L’arrêt qui le frappait fut notifié à Alfred de Musset par cette lettre qui ne lui parvint que dans les premiers jours du mois de juin, M. Recurt, docteur-médecin, étant Ministre de l’Intérieur, M. Ledru-Rollin ayant été révoqué le 11 mai 1848[1] :

« Citoyen,

« J’ai le regret de vous annoncer que par un arrêté du 5 mai courant, le Ministre vous a admis à faire valoir vos droits à la retraite.

« Salut et Fraternité.

« Paris, 8 mai 1848.

« Le Secrétaire général, « CARTERET ».

Malgré les précautions prises en haut lieu, cette inqualifiable mise à pied ne tarda pas à être connue, et les journaux, à la seule exception de ceux payés par le gouvernement, se rangèrent du côté d’Alfred de Musset :

LES SALTIMBANQUES, no 2, juin 1848. — « Une brutale destitution vient de frapper Alfred de Musset ; on l’a traité comme un homme vulgaire ; il est vrai que tous les hommes sont égaux devant l’ordonnance du médecin ».

LA PROVIDENCE, 12 juin 1848. — « M. Alfred de Musset, bibliothécaire au Ministère de l’Intérieur, vient d’être révoqué de ses fonctions.
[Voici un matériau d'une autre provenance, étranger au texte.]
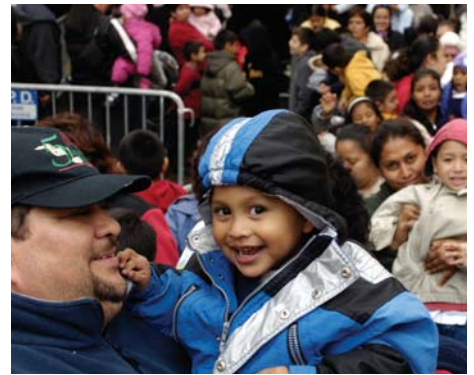
A child eagerly awaits his turn at the toy giveaway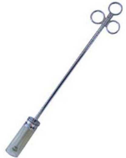
Plastic head (no spring) V-1003-

18" long, w/ spring, 1" plastic head 1,18,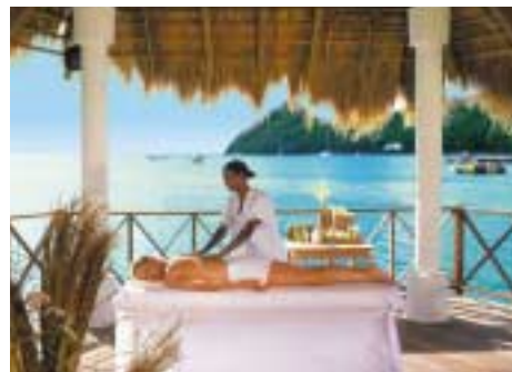
Full-Service Red Lane® Spa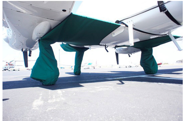
Twinstar Landing Gear & Gearwell Covers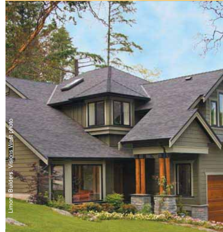
Limona Builders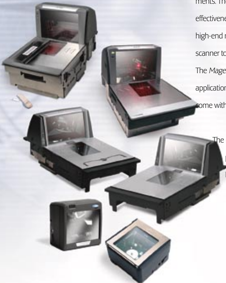
The Magellan line of high-performance bar code scanners

The complete Magellan line of scanners are built from a common platform with common features to increase productivity and enhance POS system efficiency.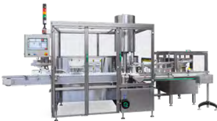
VIAL | Linear Continuous Motion ML | Filling/Capping Machine for Vials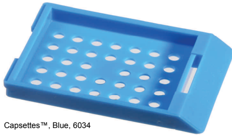
Capsettes™, Blue, 6034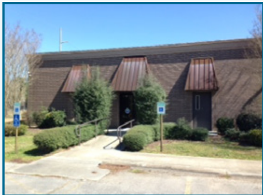
Southwest Regional Office

Southwest Regional Office – 1301 Gadwall St., Lake Charles, LA 70615 (337) 491-2667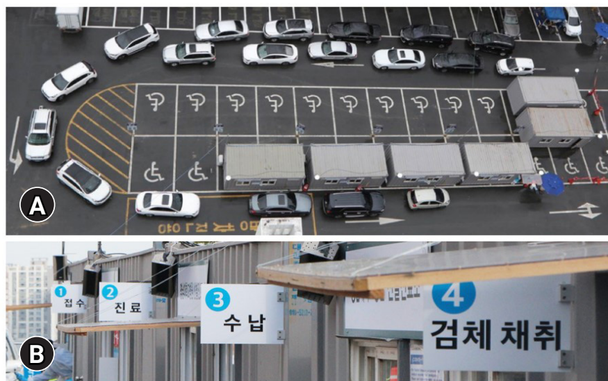
Fig. 1. (A) Aerial photography of the Yeungnam University type drive-through (YU-Thru) system. (B) Four steps of the YU-Thru system; ① registration, ② medical examination, ③ payment, and ④ specimen collection.

First, each person to be tested placed their identification (ID) card into the scanner. Then the ID card was scanned into the computer, as shown in Fig. 2. The YU registration number was automatically created when the staff member entered the patient's date of birth and social security number, as displayed on the computer monitor. For non-nationals, the YU registration number was created using the patient's alien registration card; however, the remainder of the process remained the same. For non-nationals who were not registered in South Korea (e.g., tourists or illegal aliens), the YU registration number was created from passport numbers. The staff then recorded the home address and cell phone number of subjects using the two-way microphone and speaker system. It was important to enter the correct cell phone number into the computer as test results were texted. At the same time, a separate staff member used a noncontact forehead thermometer to measure the subject's temperature. Minor exposure to infected patients may have occurred during this procedure. Although two staff members were recommended overall for step 1, it was possible to complete the registration and temperature testing with one staff member performing

Si nos informations sont exactes, cette nouvelle lui aurait été signifiée de la façon la plus inattendue et la plus blessante. Il est impossible de contenir la douleur que de pareils actes inspirent. La destitution de M. Lebrun et de M. Mignet était déjà un fait déplorable ; celle de M.

  1. Inséré au Moniteur Universel du 13 mai 1848.